To be able to provide the hammering units with a punch-like design, the
hammering rams of the hammering units protrude through the recesses of the
forging box and at their end facing the workpiece form a tool holder for
positively holding the hammering tool. Since the division of the hammering
units into separate rams and hammering tools is no longer necessary to
effect an adjustment of the vertical position, positively composed
hammering units may be used, which due to their compact design provide for
higher blow rates and, since the tools are freely accessible outside the
forging box, also simplify the tool change.
Advantageously, the hammering rams are sealed with respect to the recesses
by means of peripheral seals, which provides for a sufficient lubrication
of the drive and guide members without a risk of contamination.
When the hammering rams in addition have a portion of rectangular
cross-section at their head end and a portion of round cross-section at
their tool end, the hammering units can properly be sealed without a large
constructional effort by means of simple round seals or the like in the
vicinity of the tool-end portion, when they are non-rotatably guided by
the head-end portion.
BRIEF DESCRIPTION OF THE DRAWING
In the drawing, the subject-matter of the inveniton is represented
schematically, wherein:
FIG. 1 shows an inventive swaging machine in an axially normal
cross-section,
FIG. 2 shows a part of the lifting drive of this machine at the beginning
of the forging stroke in the same sectional representation, and
FIG. 3 shows an axial section along line III--III of FIG. 1.

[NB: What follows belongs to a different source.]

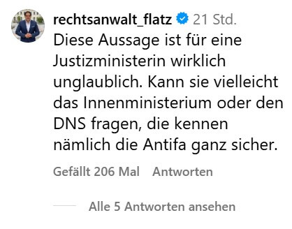 Er stellt auch klar: „Derzeit können daher nur Straftäter die im Namen der Antifa eine Straftat begehen, nach dem allgemeinen Strafrecht bestraft werden.“ Dennoch sei die Tatsache, dass Sporrer die Antifa scheinbar nicht kennt, ein schwerer Fehler, wie Flatz erklärt: „Was aber sehr befremdlich ist, dass eine Justizministerin sagt, dass sie die Antifa nicht kennt.“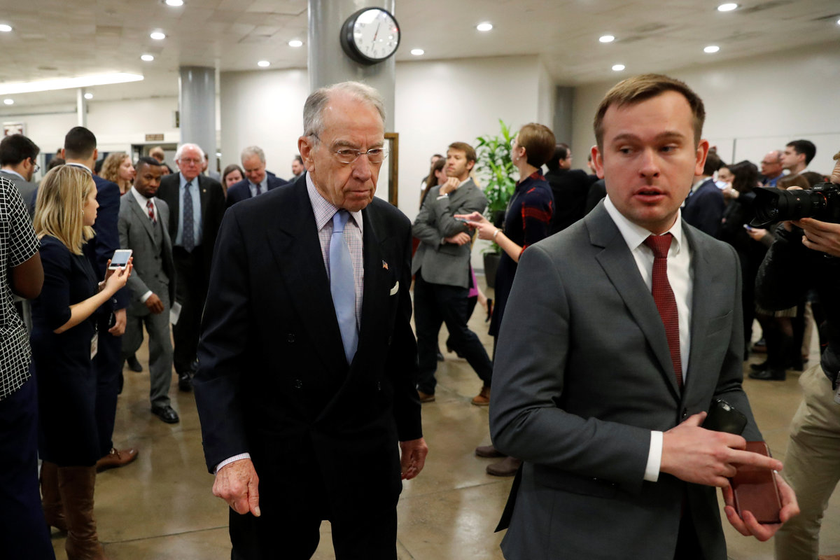 U.S. Senator Cory Booker (D-NJ), trailed by Senator Ed Markey (D-MA), Senator Bill Nelson (D-FL) and Senator James Lankford (R-OK), arrives ahead of a vote on a bill to renew the National Security Agency's warrantless internet surveillance program, at the U.S. Capitol in Washington, U.S. January 18, 2018. REUTERS/Jonathan ErnstReporters trail U.S. Senator Joe Manchin (D-WV) as he arrives ahead of a vote on a bill to renew the National Security Agency's warrantless internet surveillance program, at the U.S. Capitol in Washington, U.S. January 18, 2018. REUTERS/Jonathan ErnstReporters trail U.S. Senator Ted Cruz (R-TX) as he arrives ahead of a vote on a bill to renew the National Security Agency's warrantless internet surveillance program, at the U.S. Capitol in Washington, U.S. January 18, 2018. REUTERS/Jonathan ErnstReporters trail U.S. Senator Dianne Feinstein (D-CA) as she arrives ahead of a vote on a bill to renew the National Security Agency's warrantless internet surveillance program, at the U.S. Capitol in Washington, U.S. January 18, 2018. REUTERS/Jonathan ErnstU.S. Senator Chuck Grassley (R-IA) arrives ahead of a vote on a bill to renew the National Security Agency's warrantless internet surveillance program, at the U.S. Capitol in Washington, U.S. January 18, 2018. REUTERS/Jonathan ErnstReporters trail U.S. Senator Bob Corker (R-TN) as he arrives ahead of a vote on a bill to renew the National Security Agency's warrantless internet surveillance program, at the U.S. Capitol in Washington, U.S. January 18, 2018. REUTERS/Jonathan ErnstReporters trail U.S. Senator Susan Collins (R-ME) as she arrives ahead of a vote on a bill to renew the National Security Agency's warrantless internet surveillance program, at the U.S. Capitol in Washington, U.S. January 18, 2018. REUTERS/Jonathan ErnstU.S. Senator Kamala Harris (D-CA) arrives ahead of a vote on a bill to renew the National Security Agency's warrantless internet surveillance program, at the U.S. Capitol in Washington, U.S. January 18, 2018. REUTERS/Jonathan ErnstU.S. Senator Lindsey Graham (R-SC) talks to reporters as he arrives ahead of a vote on a bill to renew the National Security Agency’s warrantless internet surveillance program, at the U.S. Capitol in Washington, U.S. January 18, 2018. REUTERS/Jonathan ErnstU.S. Senator Lindsey Graham (R-SC) arrives ahead of a vote on a bill to renew the National Security Agency's warrantless internet surveillance program, at the U.S. Capitol in Washington, U.S. January 18, 2018. REUTERS/Jonathan ErnstU.S. Senator Elizabeth Warren (D-MA) arrives ahead of a vote on a bill to renew the National Security Agency's warrantless internet surveillance program, at the U.S. Capitol in Washington, U.S. January 18, 2018. REUTERS/Jonathan Ernst

DESCRIPTION OF THE PREFERRED EMBODIMENT
A swaging machine 1 for swaging rod-shaped or tubular workpieces is
comprised of a forging box 3 mounted in a machine frame 2 so as to be
rotated and driven about the axis of movement A of the workpiece, where in
radial recesses 4 of said forging box hammering units 5 including outer
forging rams 6 and inner hammering tools 7 are guided so as to be
vertically movable. The machine frame 2 forms a supporting ring 8
coaxially surrounding the forging box 3, which supporting ring might also
be rotatably and movably mounted in the machine frame as a separate part,
and in which supporting ring 8 plungers 9 uniformly distributed around the
periphery are non-rotatably seated, where at the end face of said plungers
pressure plates 10 are pivotally mounted so as to be swivelled in a
stop-limited way about a rocking axis B parallel to the axis of movement A
and with a circular cylindrical bearing shell 11 are supported on a
corresponding bearing body 12. As head portion, the forging rams 6 of the
hammering units 5 have a counter-pressure plate 13 associated to the
pressure plates 10, which like a rocker can likewise be swivelled in a
stop-limited way about a rocking axis C parallel to the axis of movement,
where the ram engages in a corresponding bearing shell 15 of the
counter-pressure plate 13 with a cylindrical bearing body 14. Pressure
plates 10 and counter-pressure plates 13 form cooperating slide faces 16,
17 of straight generatrixes E aligned in direction of rotation and via
restoring springs 18, 19 are loaded in the direction of a starting
position forwardly inclined with respect to the respective relative
rotation R of forging box 3 and supporting ring 8 (FIG. 2).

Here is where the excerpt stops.